As we know, the jazz genealogy has strands extending variously to West Africa and Europe, has been and continues to be performed by Blacks and Whites, before audiences both Black and White – though, in the past, these have often been segmented into different venues, or different sections of the same venue – the music is conventionally considered to be Black. That convention is justified by the fact the music’s major creators have been overwhelmingly Black. Thus it follows that jazz culture is, as these conventions go, Black culture.
But, in what sense would jazz be foreign to Elworth, and so NOT his own culture? The fact that he is writing about jazz suggests that he likes it a great deal and knows more than a little about it. It is quite possible that he grew up in a house where folks listened to jazz on a regular basis. If not that, perhaps he discovered jazz while among friends or relatives and came to love it. He likely attends live performances; perhaps he is a weekend warrior, jamming with friends either privately or in public. He may well have been to weddings where a jazz band played the reception. He is comfortable with jazz; he knows something of its history and understands its conventions. It is not exotic music. That is to say, it is unlikely that Elworth discovered jazz in some foreign land where no one speaks English, nor eats and dresses American style, nor knows anything of Mozart or Patsy Cline, among many others. Jazz is a routine and familiar part of Elworth’s life.
So why doesn’t he think of it as his culture? Why must he caution himself (and us) against “reducing it to an ineffable Other.” On both counts the answer, I suspect, is the same: convention. The same set of conventions would require that Leontyne Price think of Puccini’s music as belonging to someone else’s culture, though she sings the music superbly, and may also require that a Black physicist – such as Dr. Shirley Jackson, currently president of the Rensselaer Polytechnic Institute – think of Newton and Einstein as belonging to someone else’s culture. On the other hand, I may claim both physicists for my culture despite the fact that I’ve not studied physics since high school and make no use of it in my professional life.
That doesn’t make much sense.
Culture and Society
Let us ask another question: What does Elworth’s love for jazz suggest about his circle of acquaintances? In my experience, nothing beyond the likelihood that some of them also like jazz. In particular, there is no particular reason to believe he has any Black friends, people with whom he breaks bread at home, and on holiday occasions. He may, and he may not. It is a signal fact of American social life, however, that music passes freely back and forth between different racial groups. But this movement of cultural artifacts and actions doesn’t necessarily forge bonds of personal friendship and commitment between individuals in those groups. And this too has a great deal to do with why politically self-conscious Whites, such as Elworth, think of jazz as the music of another culture.
That sentence, however, might more accurate if we substituted “society” or “social group” for “culture.” For all practical purposes, the music Elworth routinely listens to is his culture, but it may not have originated in his social group.

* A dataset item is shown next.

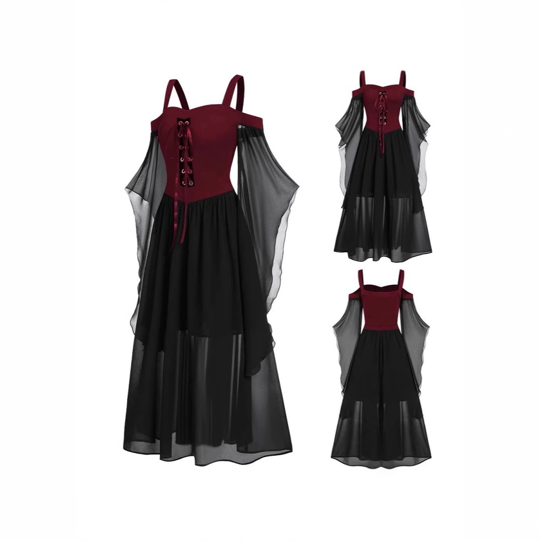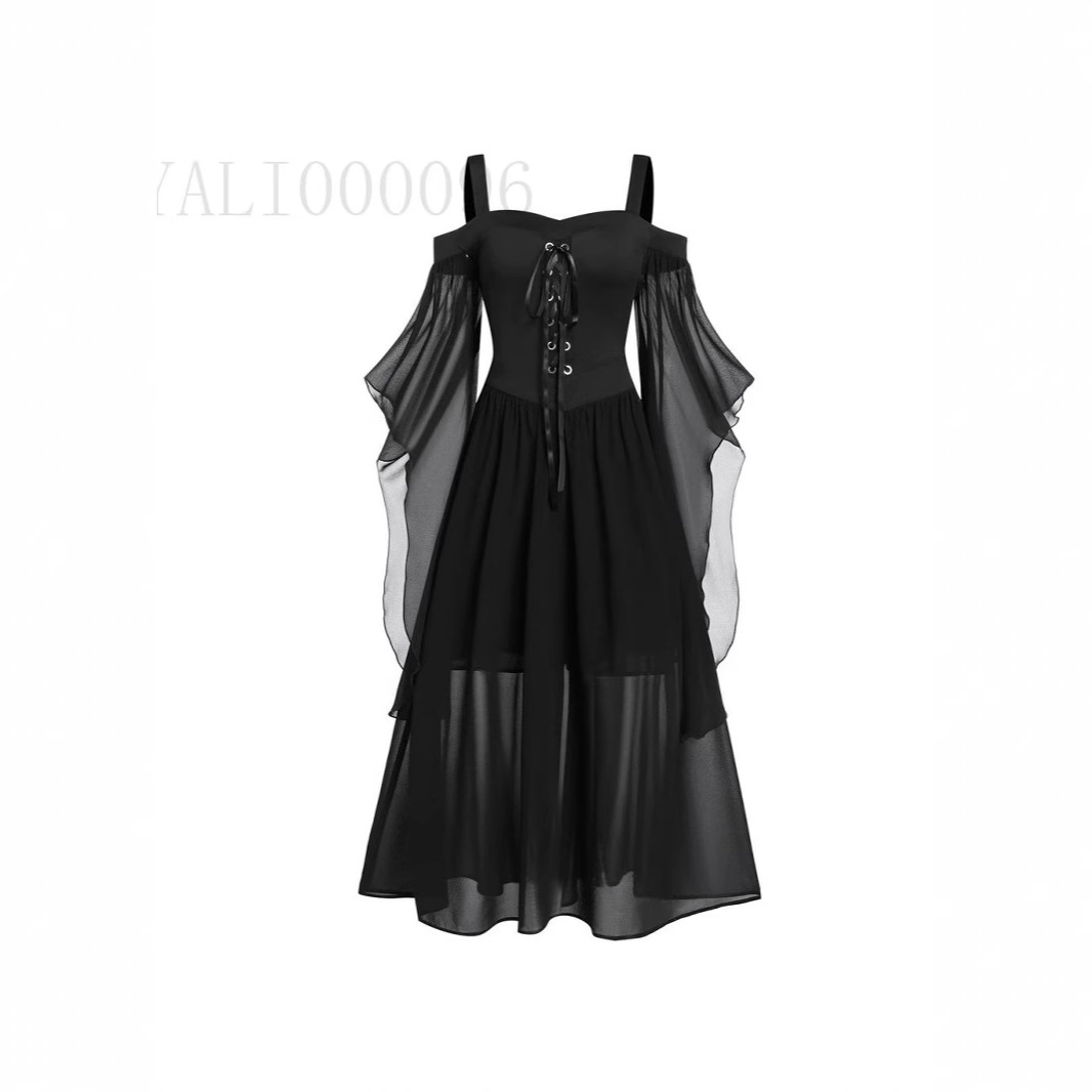 아마존 유럽과 미국의 새로운 할로윈 원피스 원피스 국경 할로윈 스트랩 원피스 원피스 여성

A b-boy may never have heard of Louis Armstrong, but his grandmother may have grown-up listening and dancing to the music of Louis Armstrong or with Sidney Bechet or Earl Hines. Such links of acquaintance are likely to be weaker for Elworth, though he may know jazz considerably better than most b-boys.
The distinction I have just made between culture and society is one I’ve been making for years, though it is not mine. I learned it from my teacher, David Hays, and he learned it from his, Talcott Parsons. Society is a concrete network of relationships between people. Culture is a set of ideas, attitudes, and practices: what people speak, sing, believe, the cut of their clothes, and so forth and so on through a long list. The distinction is a bit strange if you are not used to it, for common usage tends to collapse the concept of culture onto groups of people. We tend to think of cultures as groups of people, and that confuses matters.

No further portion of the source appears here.